The lower ends of the tubes 16 are then open to the atmosphere at the exposed edges of the shingles, and their upper ends open in air passages 22. This permits a generally free circulation of outdoor air between the outer and inner layers of the shingles, which does much to reduce and inhibit the transfer of outdoor heat through the shingles and roof during hot weather. The slope of the tubes together with their long lengths as compared to their diameters, renders it unlikely that any rain or other moisture will be blown all the way upwardly therethrough to enter beneath the shingles. Nevertheless, some water might be blown all the way to the tops of the tubes, particularly in the span of notches 30, wherein the tubes are necessarily shorter. However, any such water enters air passage 22, which is sealed, so that said water can escape only by again flowing downwardly through the tubes to the outer surface of the next lower course of shingles.
It will be seen also that tubes 16, although individually of no great strength, will nevertheless by virtue of their large number and the fact that they are cemented firmly to outer and inner layers 10 and 12, impart a greatly increased strength to each shingle against flexure normally to its plane. This added stiffness greatly increases the resistance of the shingles to upward curling or "peeling" of the unsecured lower edge portions thereof in high winds. Damage resulting from this cause during windstorms is of course very common.

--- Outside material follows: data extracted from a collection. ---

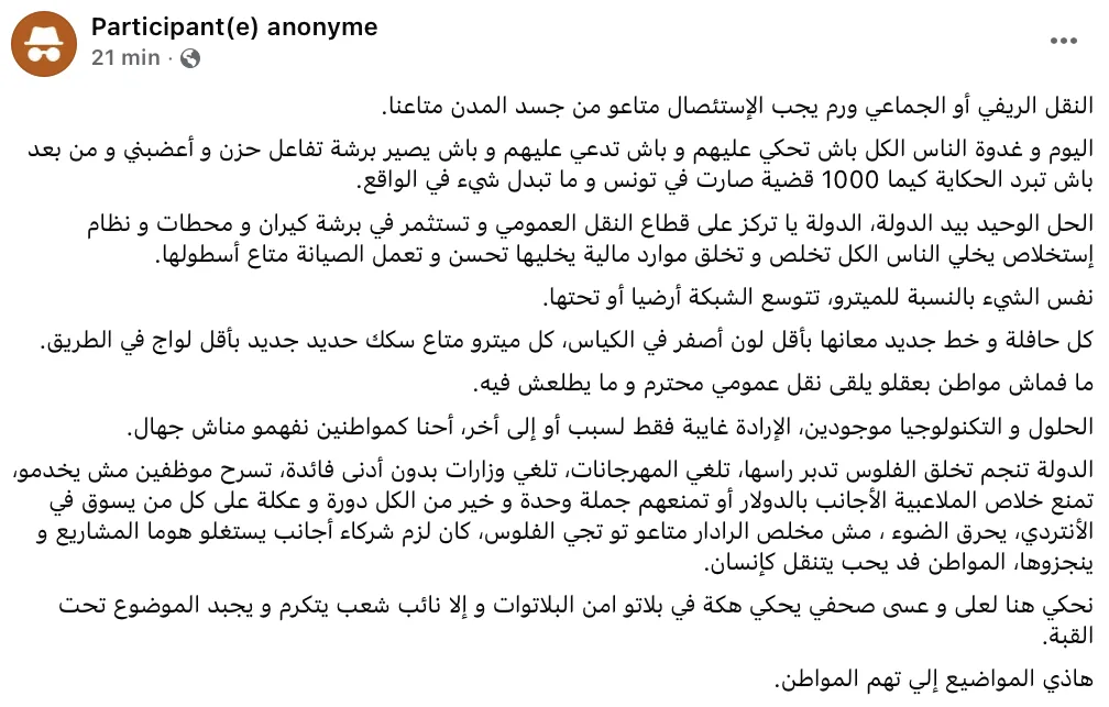 « Le transport rural ou collectif est un véritable fléau qu’il faut extirper du corps de nos villes. Aujourd’hui, demain, chacun parlera d’eux, chacun les dénoncera, et l’indignation suscitera beaucoup d’émotion et de colère. Puis, comme dans mille autres affaires survenues en Tunisie, l’affaire retombera dans l’oubli, sans que rien ne change réellement », a affirmé un autre internaute.
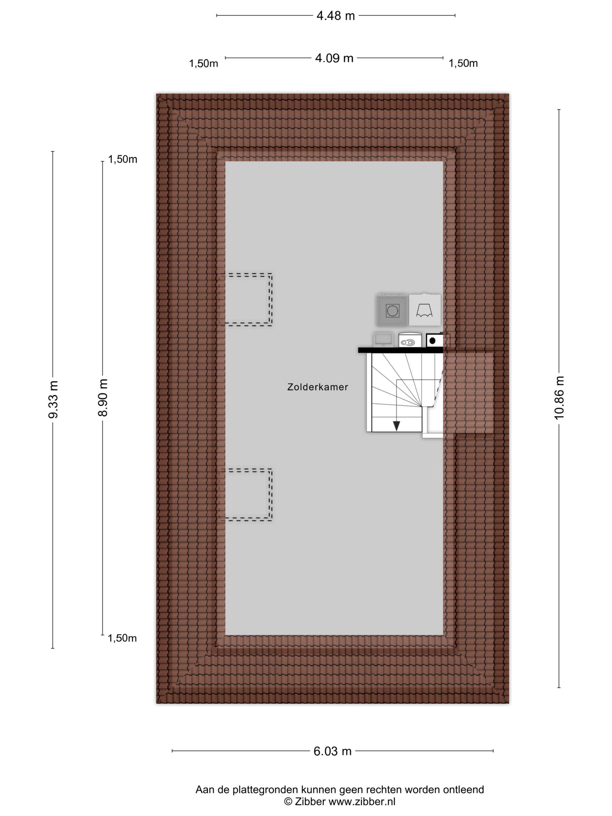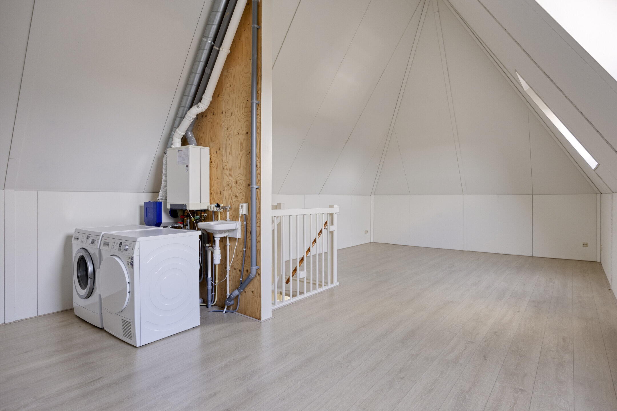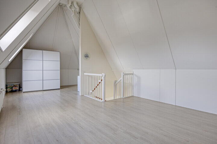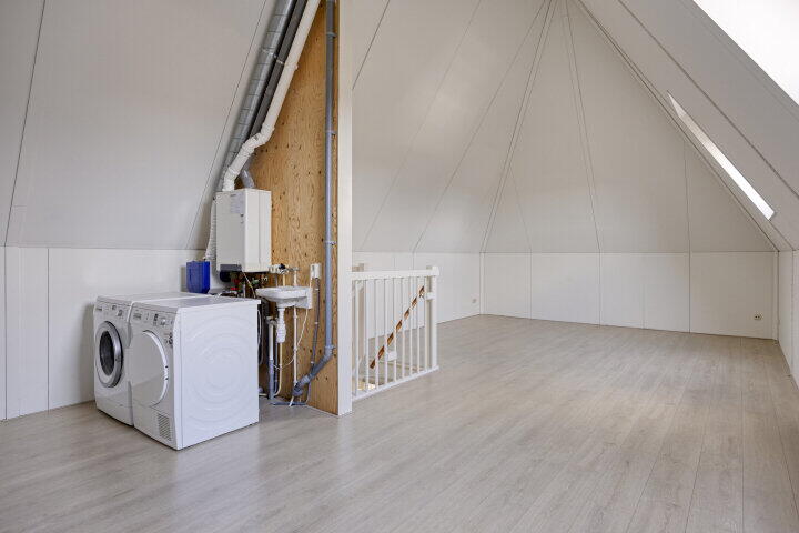 Via een tweede vaste trap kom je op de zolderverdieping. De hoogte van het huis maakt dat deze verdieping ingericht kon worden als volwaardige slaapverdieping met de mogelijkheid van 2 slaapkamers. Twee grote Velux dakramen zorgen voor daglicht. Op deze verdieping vind je tot slot de cv-ketel en de aansluiting voor de wasmachine en droger.
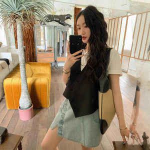 夏用の女性用のエレガントでハイエンドなスーツベスト、薄いアウターウェア、甘くてスパイシーなデザイン、不規則なノースリーブトップ
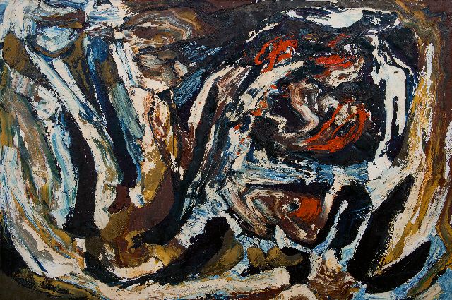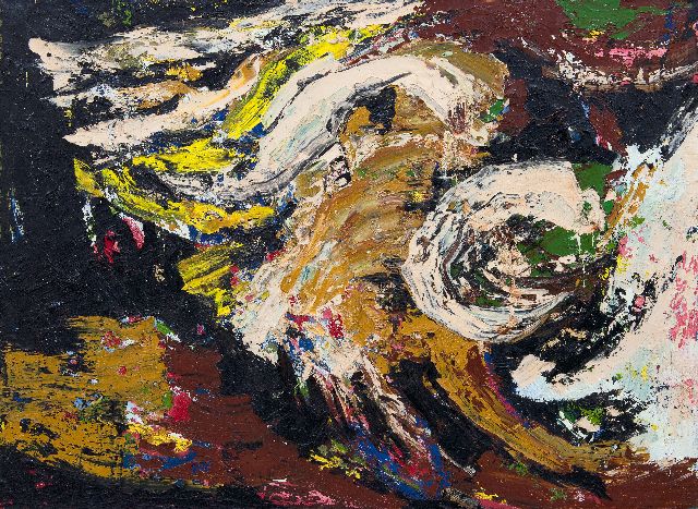 Frieda Hunziker | Draaikolk, olieverf op doek, 125,2 x 100,4 cm, gesigneerd op spieraam (tweemaal) en te dateren 1963
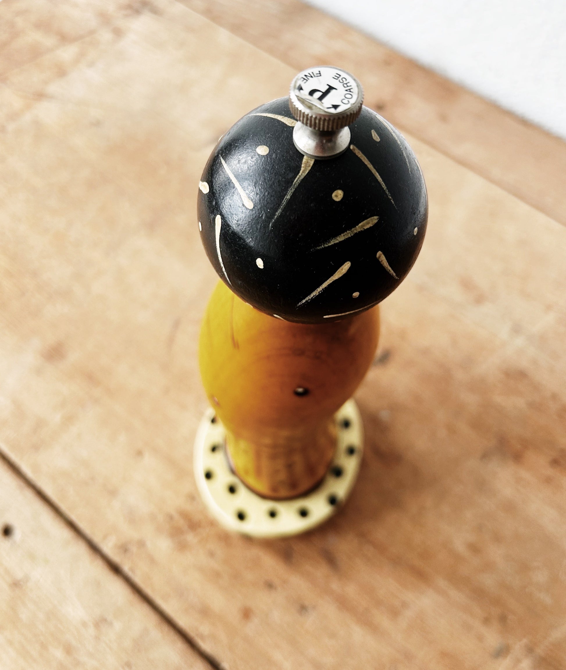 Fun, whimsical artisan made pepper mill. Signed and dated c1998
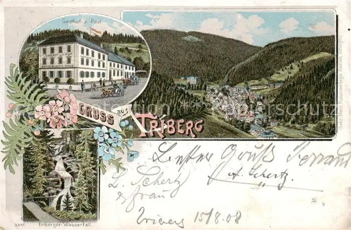 Triberg Gesamtansicht m. Gasthof z. Post u. Triberger Wasserfall Triberg postalisch gelaufen 1908 Erhaltung siehe scans [LiesaD40] LiesID40
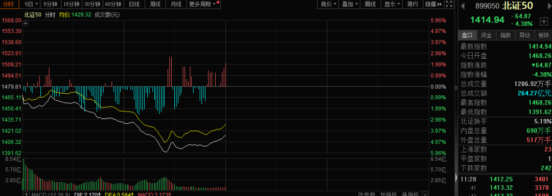 今天(5月22日)早盘,A股各主要指数小幅低开,截至上午收盘,上证指数基本收平,近期频创历史新高的北证50指数大幅调整,上午收盘下跌4.38%。
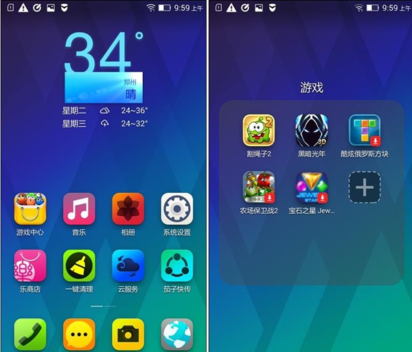 通过与联想黄金斗士S8对比,A8的桌面图标有了一些重新绘制,相比先前更显通透轻薄。底部Dock的效果也被取消,桌面的一体性更加明显。而这些效果的体验是因为A8系统取消了二级菜单,桌面图标采用文件夹管理,从图中可以看出有些应用有下载的提示,这是因为集成了乐商店的原因,可以看得出来,联想在生态方面的理念意识是大为加强了。
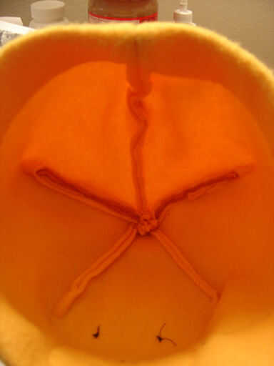 Le aguanté el sombrero derecho-lado-hacia fuera y averiguado cuánto quería la crines y orejas de palo, llevó a cabo entre la tela y voltea el sombrero al revés.
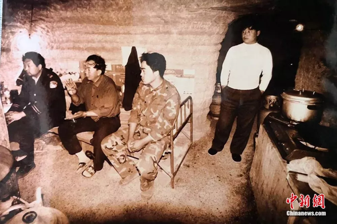 图为雅丹窑洞派出所建立之初李生寿与其同事一起在派出所内资料图
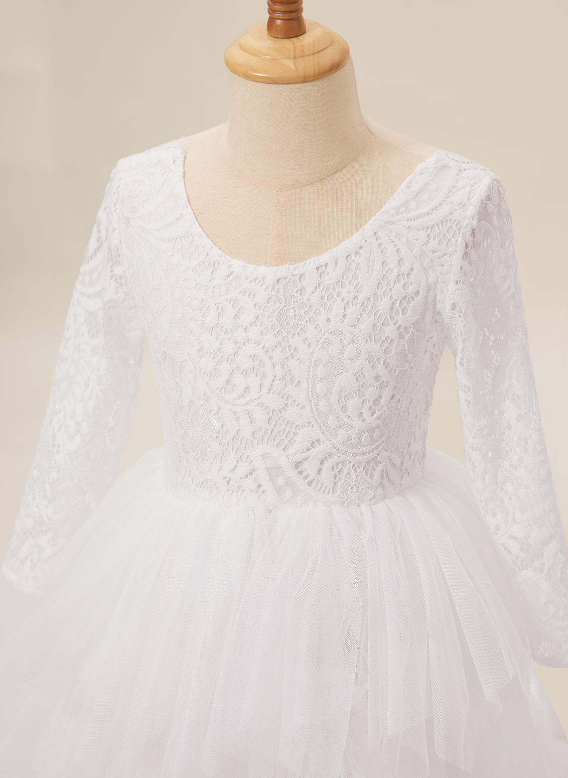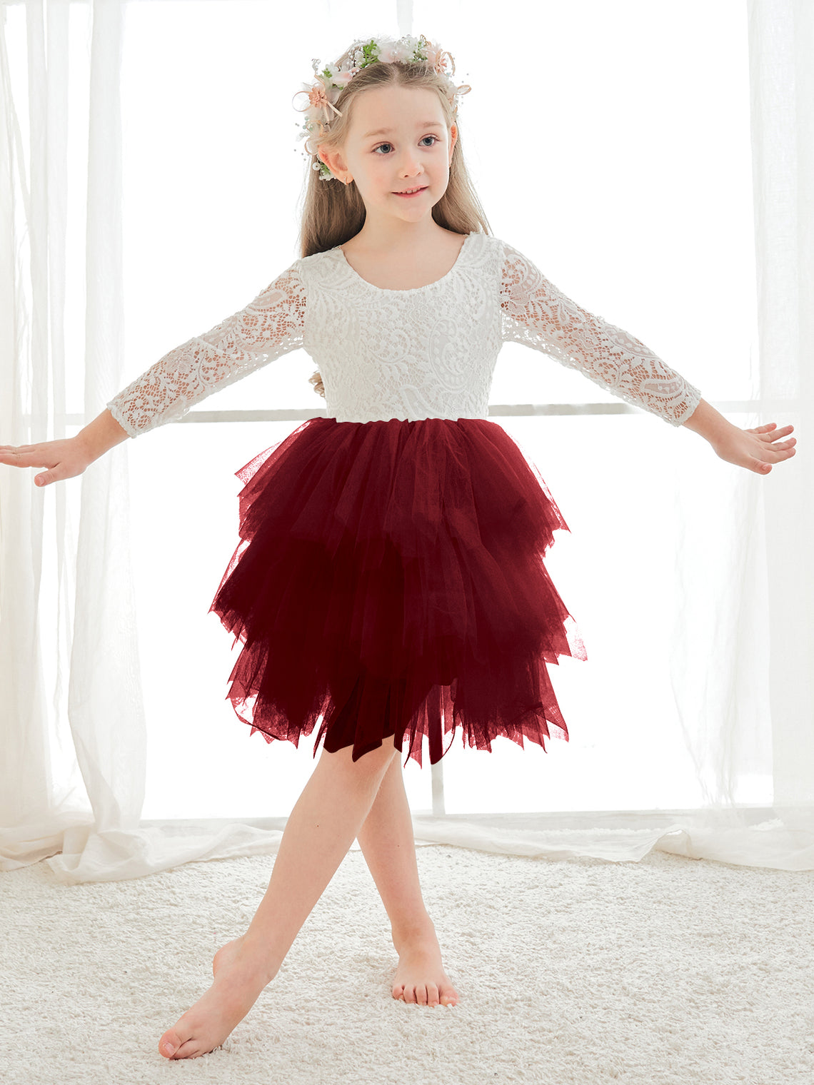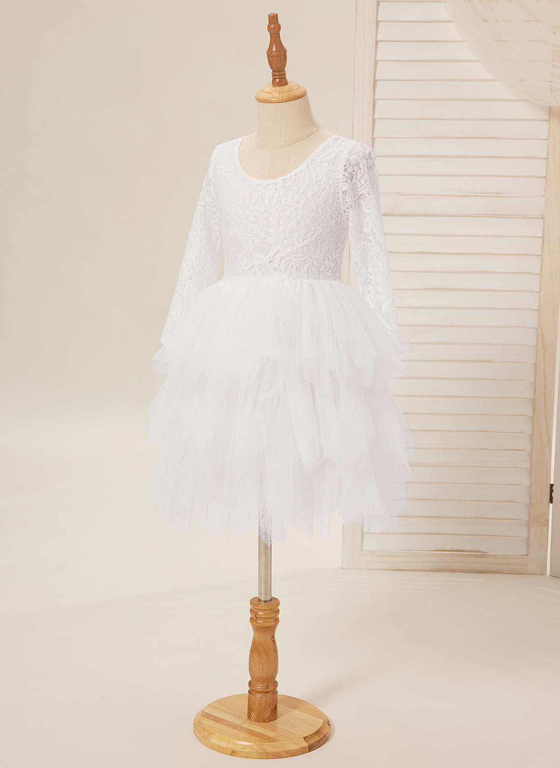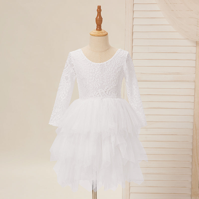 Vestido blanco de tul y encaje hasta la rodilla (2003227580)

Nevertheless, the stiffness imparted to a shingle by tubes 16 could also prevent the shingles from lying flat on the roof. That is, while the tubes do not render the shingles absolutely rigid, it will be seen that when the upper edge of a shingle is secured by nails 28, it must first be angled outwardly from the roof boards in order to pass over the rearward edge of the next lower shingle. This could create problems in driving the nails with sufficient force to bring the top portion of the shingle flush against the board, and also result in an uneven or irregular bending or folding of the shingle. Also, the lower edge 6 of the shingle would then be spaced upwardly apart from the top surface of the next lower shingle. To prevent these occurrences, the tubes 16 are weakened in bending strength along a line 32 parallel to the upper and lower edges 4 and 6 of the shingle and spaced apart from lower edge 6 of the shingle by a distance equal to the distance said shingle will overlie the next lower shingle, or 7 inches in the exemplary dimensions discussed above. This weakening is accomplished by forming a short series of accordian-type folds 34 in the wall of the tube, as best shown in FIGS. 4 and 5, thus rendering the tubes easily bendable at the desired points. Nails 28 are driven through the shingles in the area thereof including spacer 20. The shingle may thus bend relatively freely at the line of air passage 22, since there are no tubes present along this line, to angle outwardly from the roof boards to pass over upper edge 4 of the next lower shingle, and then bend downwardly at line 32; which is disposed directly over edge 4 of the next lower shingle, to rest neatly against the top surface of the lower shingle, as shown in FIG. 6. The bending of the shingle as described is not freely or pliably flexible, but the folding at air passage 22 will be forced when nails 28 are driven and the folding at line 32 will occur gradually by gravity due to the weight of the shingle after the shingles are applied. The stiffness of the shingles imparted by tubes 16 still offers good protection against wind peeling or curling thereof despite the weakening at the desired lines. Both the composition roofing of outer shingle layer 10 and the roofing felt inner layer 12 are amply yieldable in their own planes, both in tension and compression, to resist breakage or tearing thereof at the bend lines with the small degree of flexure required.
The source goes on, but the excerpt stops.